Reuse (by the source) and resurrection (in OMOP) are different problems.
Those that you found were not reused, and therefore should not be marked with “R”.
But those that should are not at the moment because this change wasn’t implemented yet. So the Book of OHDSI is not that outdated. In this case it describes the future :grinning:

This article should help.

Hi Alexander!

Thanks for the quick response - this is helpful. Good to know about the Book of OHDSI describing the desired future state!

For the “zombies” that is helpful - I think I’m understanding the distinction. My question is the github article specifically calls out that these concepts should have standard_concept = 'S'. But I’m seeing instances where they are non-standard or classification. I can see how the same logic applies to the classification concepts, but I’m not sure about the non-standard.

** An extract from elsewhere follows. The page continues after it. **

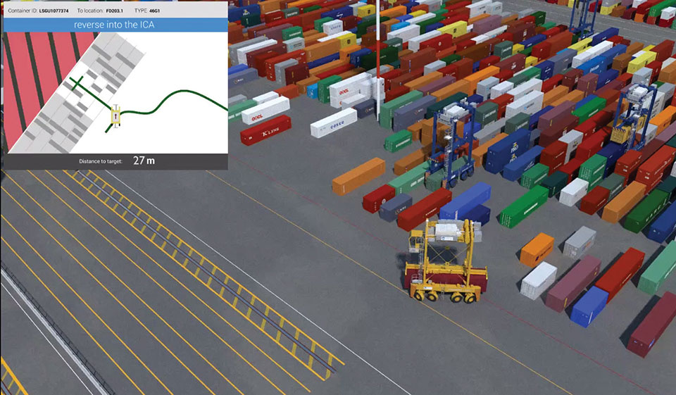 “Once they’ve first learned what to do in a simulator,” Clarke said, “they then carry out the same tasks with an instructor in a real straddle carrier. We also train our control room staff in a virtual training environment that’s a bit like a container terminal version of a flight simulator.” Figure 2 shows the screen of the operator training simulator.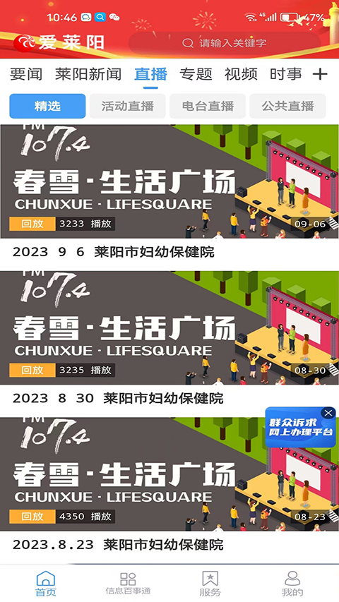 5、在爱莱阳app中交通频道与新闻频道的广播能够实时收听,能够以听取代看新闻。

Is there a reason those fall into the category of having invalid_reason as NULL?

@wtroddy Good catch!
These are one-legged zombies.
It happens because the decisions to make concepts zombies are applied on the vocabulary level.
What happens next on individual vocabulary run is:

  • we make them zombies (Standard and valid even though the end_date is in the past)
  • some of these zombies got mappings to the proper Standard targets which makes them non-Standard
  • but we still leave them valid even though we don’t need the rule exception anymore
  • the generic_update function on the integration step passes them through because it believes they’re true zombies.

@m-khitrun we need to fix that at some point. Don’t you mind creating the github issue?

1 Like

Hi!

@wtroddy thank you for reporting this. @Alexdavv sure, we need to fix this.

Thanks, Alexander! That makes perfect sense how they came to be. Looking forward to the future fix for this.

Just a thought - I know there’s some discussion about a Book of OHDSI 2.0, it might be worthwhile to think about how to incorporate some of the topics from the vocabulary github wiki or at least point to the additional resource. :slight_smile:

Hi @Christian_Reich @sseager Do you have it on your list?